Afin de continuer à soutenir l'industrie, M. Lindner, qui fait preuve d'une grande rigueur budgétaire, a exclu toute augmentation d'impôts et a déclaré qu'il faudrait trouver des économies ailleurs, notamment en réformant l'État-providence.

"Nous parlons d'un besoin supplémentaire important de consolidation", a déclaré M. Lindner dans une interview au journal Handelsblatt. "Nous parlons de milliards à deux chiffres, par exemple pour mettre en œuvre les plans ambitieux de rénovation des infrastructures et d'investissement dans la technologie.

"Dans une phase de faible dynamisme économique, l'objectif doit être d'alléger le fardeau des citoyens et des entreprises", a-t-il ajouté.

Le gouvernement du chancelier Olaf Scholz devrait proposer de lever le frein à l'endettement, qui limite le déficit budgétaire structurel de l'Allemagne à l'équivalent de 0,35 % du produit intérieur brut, en proposant au parlement une "situation d'urgence" pour 2023.

Le frein, introduit après la crise financière mondiale de 2008/09, a été suspendu pour la première fois en 2020 afin d'aider le gouvernement à soutenir les entreprises et les systèmes de santé pendant les retombées économiques de la crise COVID-19.

M. Lindner était réticent à l'idée de suspendre le mécanisme de frein à l'endettement, car son parti prône fortement la discipline fiscale, mais il a cédé lorsque les turbulences budgétaires ont mis à rude épreuve la coalition tripartite fracturée de M. Scholz.

LES MAINS LIÉES DANS UN MATCH DE BOXE

La crise a suscité des appels en faveur d'une réforme du frein à l'endettement.
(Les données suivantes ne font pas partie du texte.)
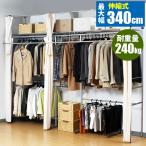 洋服収納 ワードローブ 突っ張り クローゼット ハンガーラック 2段 大型 コートハンガー 薄型 伸張式 壁面 上棚 衣類 服 ラック

Le ministre de l'économie, Robert Habeck, membre du parti des Verts, a critiqué le frein à l'endettement, qu'il juge inflexible et qui bloque le soutien vital à l'industrie pour empêcher la délocalisation des emplois et de la création de valeur à l'étranger.

Ovationné lors d'une conférence du parti des Verts, M. Habeck s'est demandé si le frein à l'endettement était applicable à une époque où la protection du climat n'était pas prise au sérieux, où les guerres appartenaient au passé et où la Chine était notre banc de travail bon marché.

"Avec le frein à l'endettement tel qu'il est, nous nous sommes volontairement attachés les mains dans le dos et nous nous lançons dans un combat de boxe. Est-ce ainsi que nous voulons gagner ? Les autres ont des fers à cheval dans leurs gants et nous n'avons même pas les bras libres. On voit bien comment cela va se passer".

Selon un sondage réalisé par la chaîne ZDF, seule une minorité d'Allemands (35 %) est favorable à la suspension du frein à l'endettement, alors que 61 % souhaitent qu'il reste en place.

Quelque 57 % des Allemands souhaitent que le déficit budgétaire résultant de la décision de la Cour soit couvert par des réductions de dépenses, 11 % sont favorables à des augmentations d'impôts et 23 % souhaitent que l'État s'endette davantage.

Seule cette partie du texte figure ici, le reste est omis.